Mohamed Faizal Mohamed Abdul Kadir  PPA SC (born 1980) is a Singaporean lawyer.

Education 

Mohamed Faizal graduated from the National University of Singapore Faculty of Law with a first class honours LLB in 2005. Mohamed Faizal subsequently received his LLM from Harvard Law School in 2009. His thesis written at Harvard Law School was awarded the Gold Medal Prize by the International Insolvency Institute.

Legal career 

After graduation from the National University of Singapore Faculty of Law, Mohamed Faizal served as a Justices' Law Clerk and Assistant Registrar of the Supreme Court of Singapore. Mohamed Faizal is at the Attorney-General's Chambers, where he was previously Deputy Chief Prosecutor and is now Second Chief Prosecutor.

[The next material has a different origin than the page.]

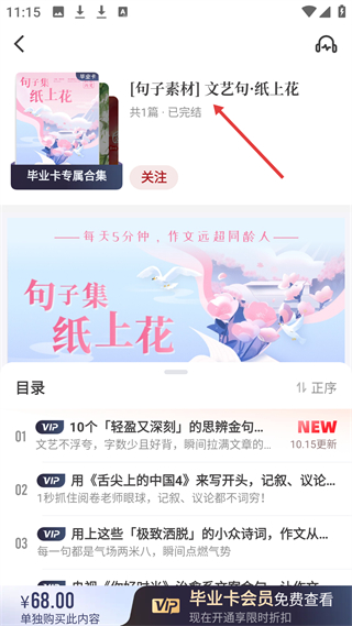 4、句子素材板塊有文藝句、紙上花合集,包含思辨金句等,畢業卡會員可免費查看,為作文增添文采。

He was also previously in the Singapore Medical Council.

One of the cases managed by Mohamed Faizal was the prosecution of Gaiyathiri Murugayan for the abuse and murder of her Myanmar maid Piang Ngaih Don, who died in July 2016. Gaiyathiri was initially charged with intentional murder before the charge was reduced to culpable homicide not amounting to murder due to her psychiatric disorders; she also faced more than a hundred charges of causing various degrees of hurt (ranging from hurt to grievous hurt) to the maid. Mohamed Faizal sought the maximum sentence of life imprisonment (or at least 27 years' jail) for Gaiyathiri, labelling her conduct as cruel and heinous, describing the case of Piang's death as a shocking case without parallel. Gaiyathiri was in the end sentenced to 30 years' imprisonment on 22 June 2021.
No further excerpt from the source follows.